The Agentic Data Stack: Speed and Simplicity for AI That Scales
Session Overview
AI agents can produce incorrect answers behind responses that appear completely normal, making failures difficult to detect with traditional observability tools. This session explores how organizations can build an Observe → Evaluate → Improve operational loop using Langfuse, the open-source AI observability platform.
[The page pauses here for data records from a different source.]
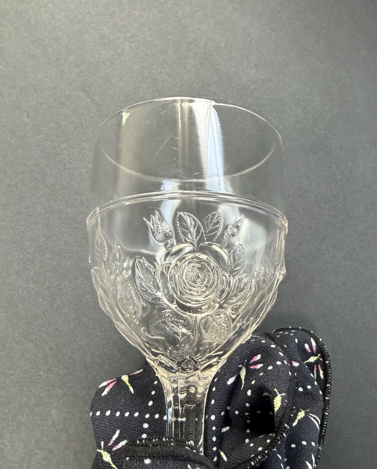 *This is not a new set and does not ship in its original packaging. Items are in good condition. But show signs of wear such as scratches. According to Replacements.com item was discontinued circa: 1870- Approx. measurements: Width- 3 1/4 inches Height- 6 1/4 inches Fits 11 ounces to the rim.
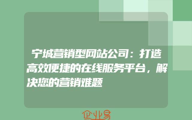- 宁城营销型网站公司:打造高效便捷的在线服务平台,解决您的营销难题
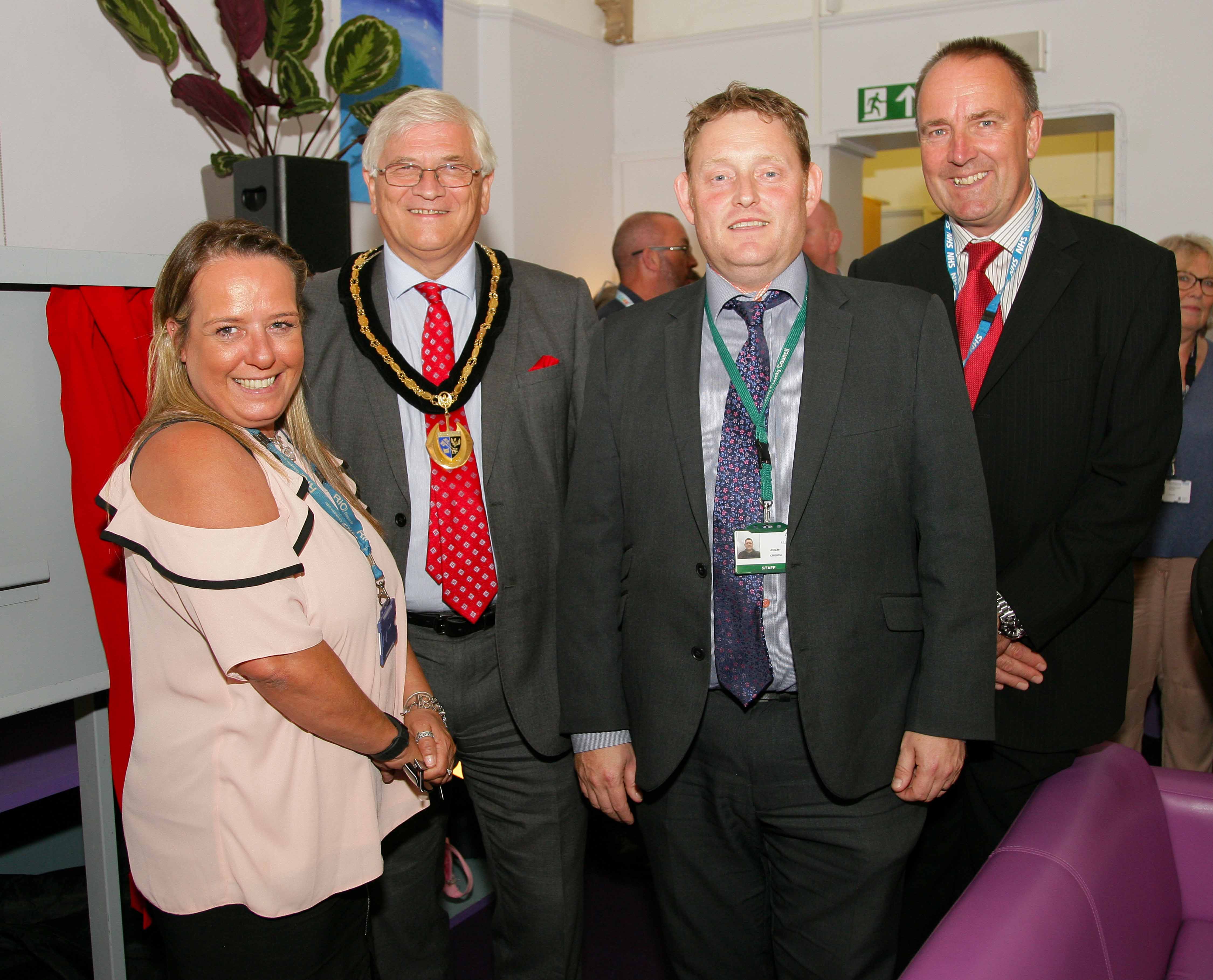 From l to r: Sharon Dean, Mindful Service Lead at Surrey and Borders Partnership; Surrey County Council Chairman Peter Martin; Jeremy Crouch, Surrey County Council’s Partnership and Community Lead for family services; Hugh Janes, of Guildford and Waverley Clinical Commissioning Group
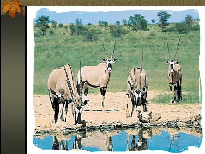 Water n Many animals drink water every day from water holes, ponds, lakes, rivers, & streams. n Few animals rarely drink because they get their water from seeds, leaves, or pulp of a plant. (Ex: Koalas never drink. )

From a practitioner's perspective, the session will cover tracing and cost tracking, online and offline evaluation with LLM-as-a-judge, CI/CD-integrated regression gates, and the path toward AI agents that can eventually run the improvement loop themselves. It will also examine the role ClickHouse plays in supporting AI observability workloads reliably and efficiently at scale.
Key Takeaways
- Why traditional observability is not enough for production AI agents
- How to implement tracing, cost tracking, and evaluation with Langfuse
- Using LLM-as-a-judge for online and offline quality evaluation
- Building CI/CD regression gates to prevent quality degradation before deployment
- The path toward self-improving AI agents and the role of ClickHouse at scale
Speaker
Ken-Hoon Lee is ClickHouse's first Solutions Architect in Korea, helping major Korean e-commerce, financial services, and gaming companies adopt real-time analytics platforms and AI observability stacks built on Langfuse and ClickHouse.
He shares his expertise in real-time data engineering through more than 30 technical blog posts and regular community meetups, helping practitioners design and operate scalable, production-ready data and AI systems.